→ **Task details**: Copying task for the records below: reproduce each one exactly and drop the pictures.

********************

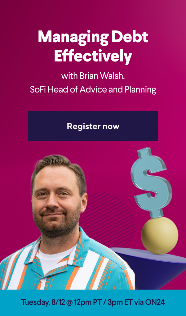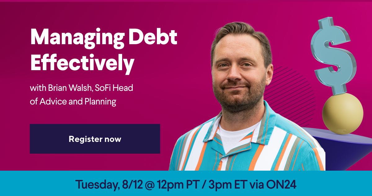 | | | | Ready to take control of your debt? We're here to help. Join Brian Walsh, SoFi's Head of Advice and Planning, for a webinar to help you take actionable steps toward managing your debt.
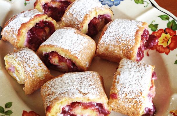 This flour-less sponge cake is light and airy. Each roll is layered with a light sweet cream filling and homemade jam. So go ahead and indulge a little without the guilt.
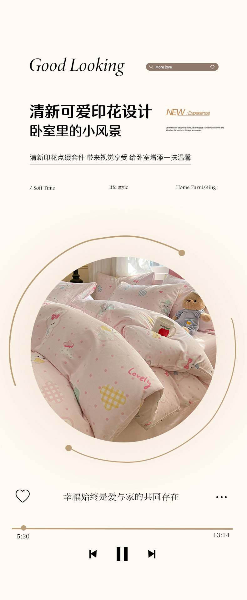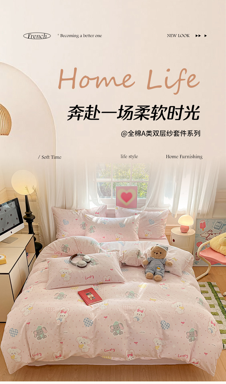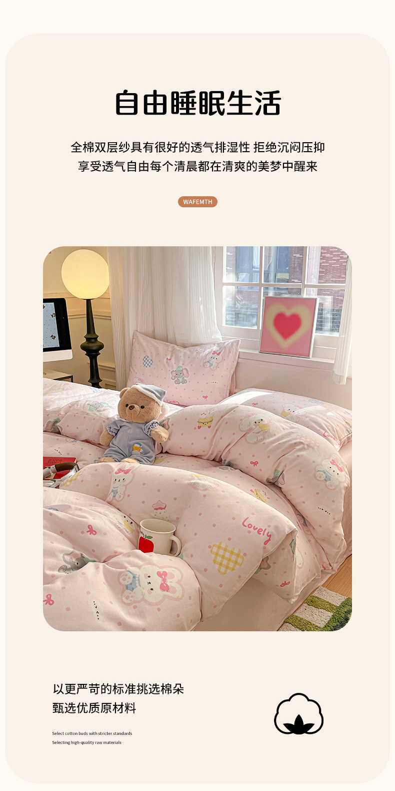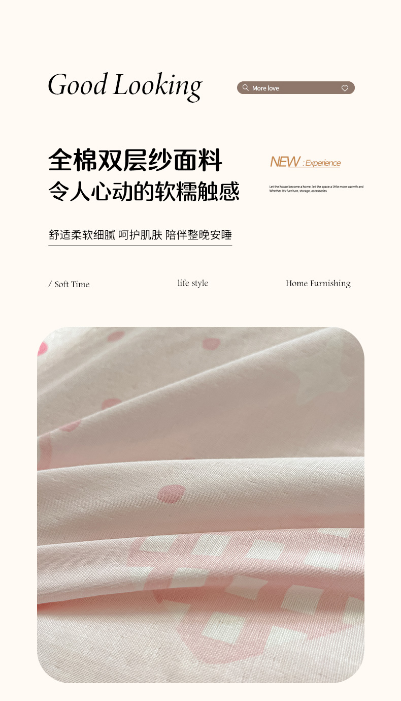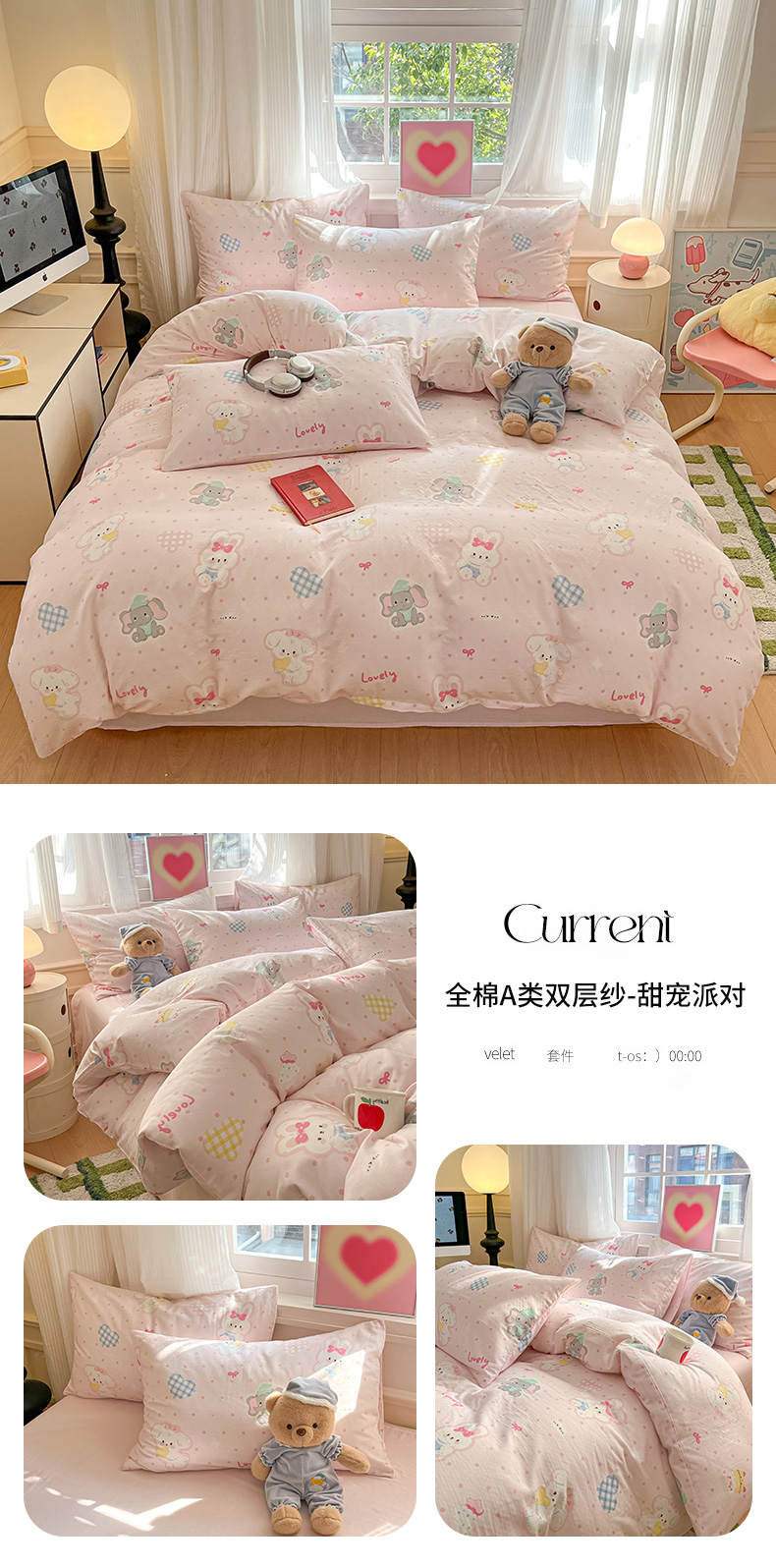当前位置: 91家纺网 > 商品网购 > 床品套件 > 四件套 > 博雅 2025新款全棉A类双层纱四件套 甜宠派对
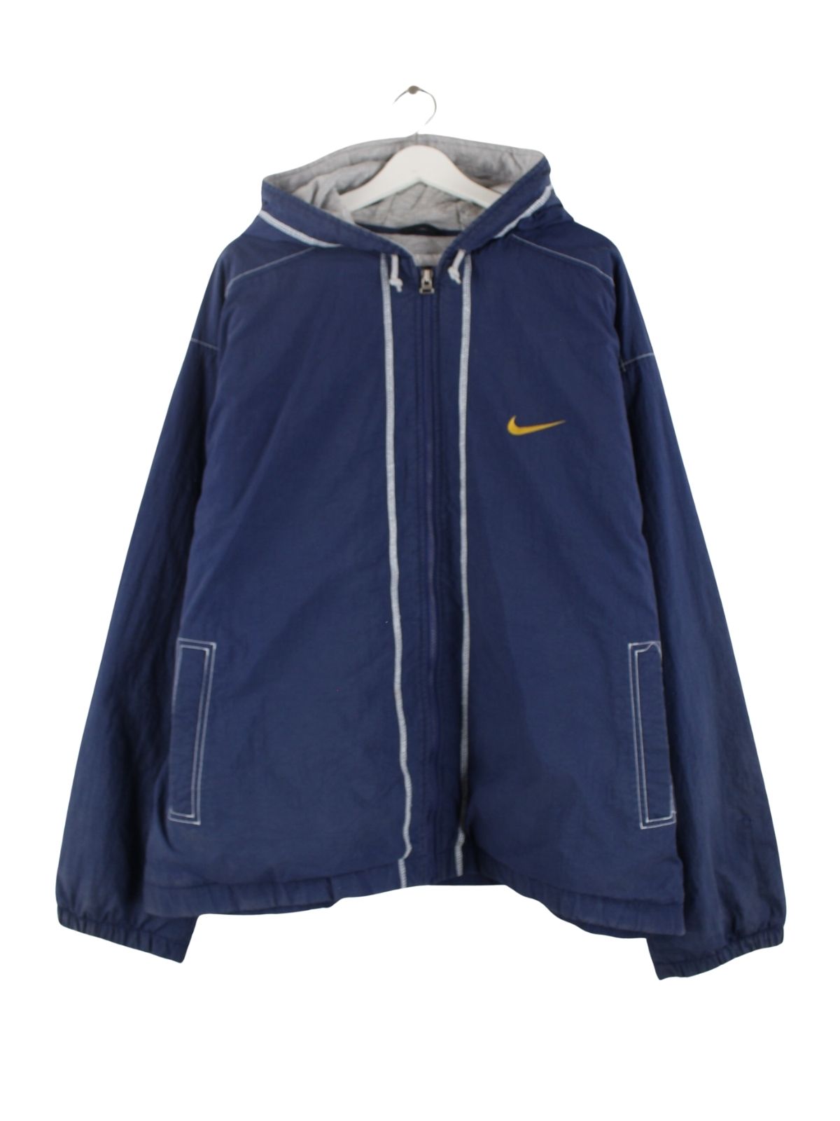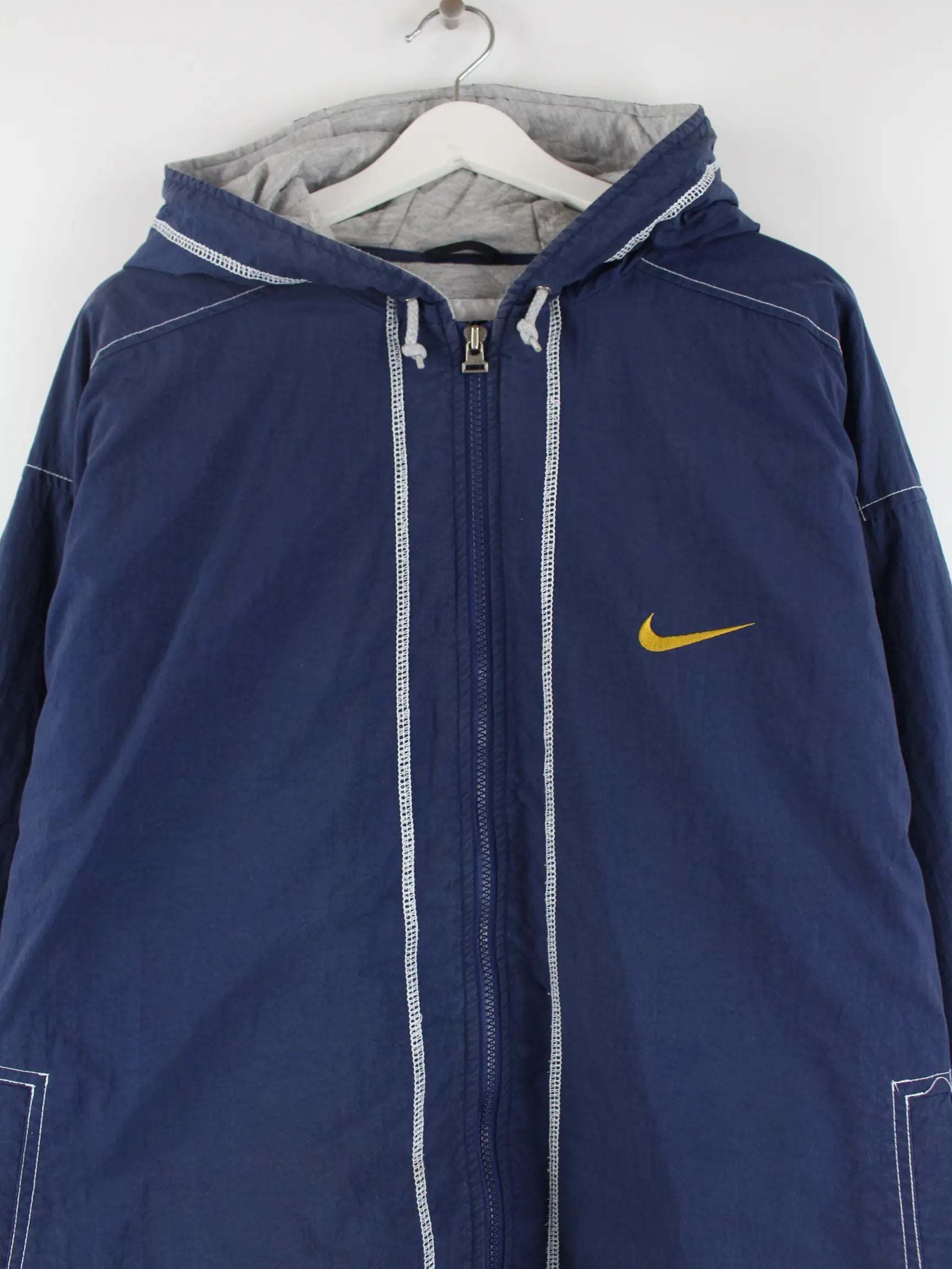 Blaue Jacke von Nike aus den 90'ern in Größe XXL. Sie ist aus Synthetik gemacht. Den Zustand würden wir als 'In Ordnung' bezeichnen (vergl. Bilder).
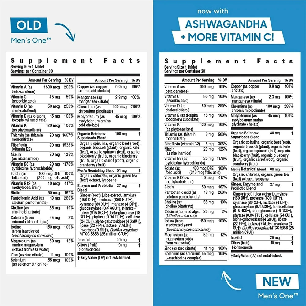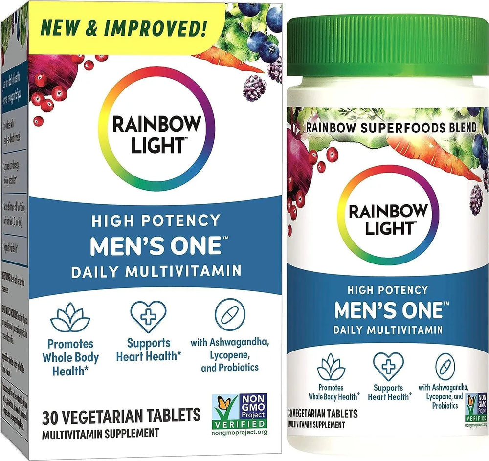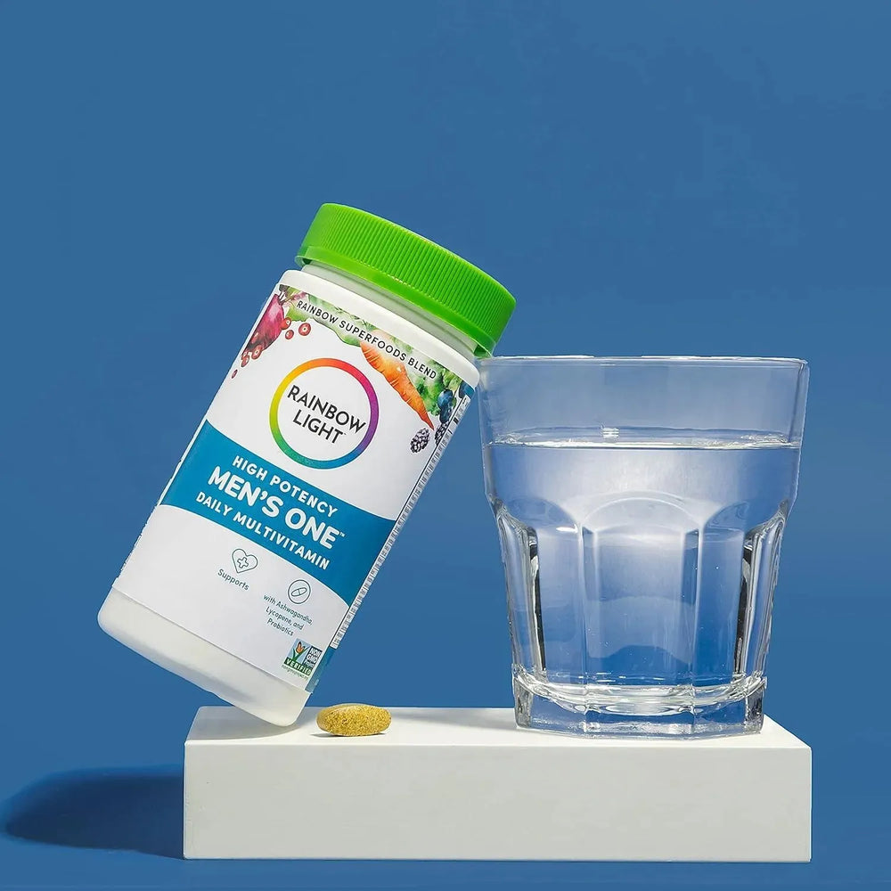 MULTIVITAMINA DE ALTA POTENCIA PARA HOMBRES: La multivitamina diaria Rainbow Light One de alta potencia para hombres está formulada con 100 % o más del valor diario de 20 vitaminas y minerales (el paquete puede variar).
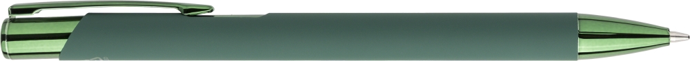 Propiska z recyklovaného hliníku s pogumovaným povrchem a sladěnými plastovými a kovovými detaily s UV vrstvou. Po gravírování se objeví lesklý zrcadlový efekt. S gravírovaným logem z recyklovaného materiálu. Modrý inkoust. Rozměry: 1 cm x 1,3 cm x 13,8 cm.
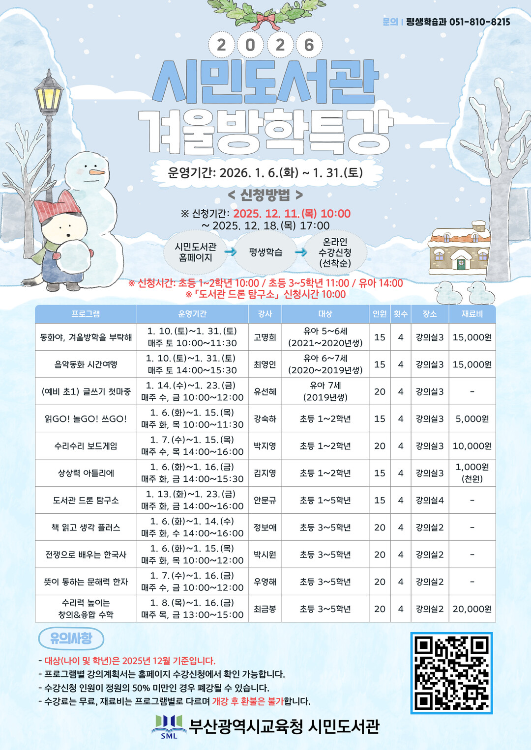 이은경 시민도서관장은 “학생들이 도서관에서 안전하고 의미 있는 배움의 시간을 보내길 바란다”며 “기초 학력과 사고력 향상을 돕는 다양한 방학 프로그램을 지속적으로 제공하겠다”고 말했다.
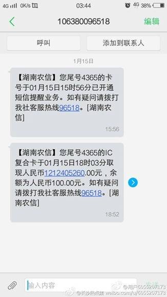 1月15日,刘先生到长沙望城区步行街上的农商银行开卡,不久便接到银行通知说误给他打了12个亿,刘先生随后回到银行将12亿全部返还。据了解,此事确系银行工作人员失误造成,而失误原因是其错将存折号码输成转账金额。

********************

→ **Answer to the problem**:
 | | | | Ready to take control of your debt? We're here to help. Join Brian Walsh, SoFi's Head of Advice and Planning, for a webinar to help you take actionable steps toward managing your debt.
 This flour-less sponge cake is light and airy. Each roll is layered with a light sweet cream filling and homemade jam. So go ahead and indulge a little without the guilt.
当前位置: 91家纺网 > 商品网购 > 床品套件 > 四件套 > 博雅 2025新款全棉A类双层纱四件套 甜宠派对
 Blaue Jacke von Nike aus den 90'ern in Größe XXL. Sie ist aus Synthetik gemacht. Den Zustand würden wir als 'In Ordnung' bezeichnen (vergl. Bilder).
 MULTIVITAMINA DE ALTA POTENCIA PARA HOMBRES: La multivitamina diaria Rainbow Light One de alta potencia para hombres está formulada con 100 % o más del valor diario de 20 vitaminas y minerales (el paquete puede variar).
 Propiska z recyklovaného hliníku s pogumovaným povrchem a sladěnými plastovými a kovovými detaily s UV vrstvou. Po gravírování se objeví lesklý zrcadlový efekt. S gravírovaným logem z recyklovaného materiálu. Modrý inkoust. Rozměry: 1 cm x 1,3 cm x 13,8 cm.
 이은경 시민도서관장은 “학생들이 도서관에서 안전하고 의미 있는 배움의 시간을 보내길 바란다”며 “기초 학력과 사고력 향상을 돕는 다양한 방학 프로그램을 지속적으로 제공하겠다”고 말했다.
 1月15日,刘先生到长沙望城区步行街上的农商银行开卡,不久便接到银行通知说误给他打了12个亿,刘先生随后回到银行将12亿全部返还。据了解,此事确系银行工作人员失误造成,而失误原因是其错将存折号码输成转账金额。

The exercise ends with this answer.